= Basketball Hall of Fame commemorative coins =

Series of United States commemorative coins

The Basketball Hall of Fame commemorative coins were a series of coins to be issued by the United States Mint in 2020. The coins were authorized by Public Law 115–343 to commemorate the 60th anniversary of the Naismith Memorial Basketball Hall of Fame.

== History ==
Following the success of the National Baseball Hall of Fame commemorative coins of 2014, H.R.4592 was introduced to the House of Representatives in 2016. It proposed the production of a series of coins commemorating the 60th anniversary of the Basketball Hall of Fame in 2019. However, it did not make it past the House.

The production of Basketball Hall of Fame coins was proposed again in 2017 with H.R.1235, this time with production scheduled for 2020. Unlike the previous proposal, H.R.1235 passed the House and the Senate, and was signed into law by President Donald Trump on December 21, 2018, becoming Public Law 115–343.

== Legislation ==
Public Law 115–343 calls for a maximum mintage limit of 750,000 clad half dollars, 400,000 silver dollars, and 50,000 gold half eagles. It also calls for the coins to be dome-shaped and for the reverse to feature a basketball.

== Designs ==
The US Mint launched the Basketball Hall of Fame Commemorative Coin Design Competition on March 19, 2019, calling for artists to submit obverse designs to the Citizens Coinage Advisory Committee. The chosen designs were unveiled on September 6, 2019.

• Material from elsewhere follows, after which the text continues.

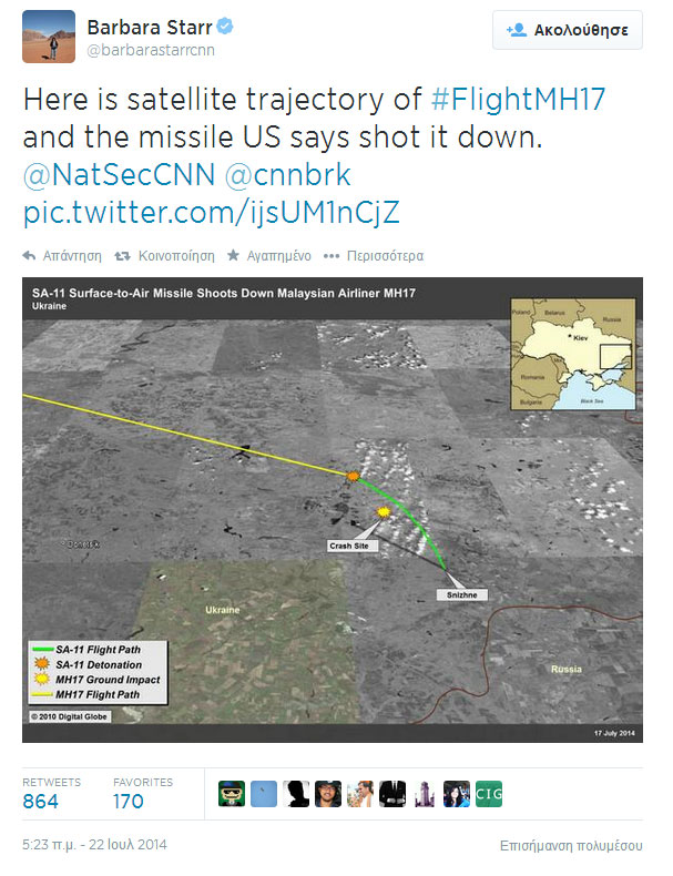 Το σχεδιάγραμμα της τροχιάς του αεροσκάφους δημοσιεύτηκε από το λογαριασμό της ανταποκρίτριας του τηλεοπτικού δικτύου στο Πεντάγωνο, Μπάρμπαρα Σταρ.
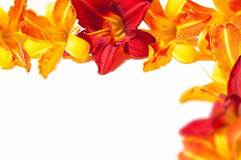 Keywords: daylily flowers summer stationery background greeting card business card leaf tender orange red yellow

The obverse, designed by Justin Kunz, features three players reaching for a ball. The reverse, designed by Donna Weaver, features a basketball falling into a net.

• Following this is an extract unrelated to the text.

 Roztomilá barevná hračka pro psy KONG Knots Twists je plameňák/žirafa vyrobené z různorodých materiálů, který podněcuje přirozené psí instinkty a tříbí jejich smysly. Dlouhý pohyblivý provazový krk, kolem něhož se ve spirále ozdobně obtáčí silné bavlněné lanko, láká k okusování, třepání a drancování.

Some of the designs not chosen for the Basketball Hall of Fame coins were later submitted to the CCAC for the reverse of the 2020 Massachusetts American Innovation dollar.

=== Colorization ===
On July 17, 2019, April Stafford, the chief of the Office of Design Management, stated that the Mint was considering colorizing the half dollar and silver dollar coins. The Mint confirmed later that year that those coins would be colorized, becoming the first such coins released from the Mint.

The idea of colorized coins brought mixed responses from the numismatic community. One reader of Coin World opined negatively that the Mint would be mimicking the Royal Canadian Mint's "plan of turning out trinkets". However, some welcomed the prospect of coloring.

=== Release and reception ===
The coins were officially released in January 2020. The clad half dollar and silver dollar coins featured colorized designs, while the gold half eagle did not. The coins received mixed reviews: collectors appreciated the innovative dome shape and colorization, but some traditionalists criticized the departure from classic coin design.

Sales of the coins were strong initially but slowed due to the onset of the COVID-19 pandemic, which affected retail and hobby markets. By the end of the sales period, the Mint reported sales approaching, but not reaching, the maximum authorized mintages for each denomination.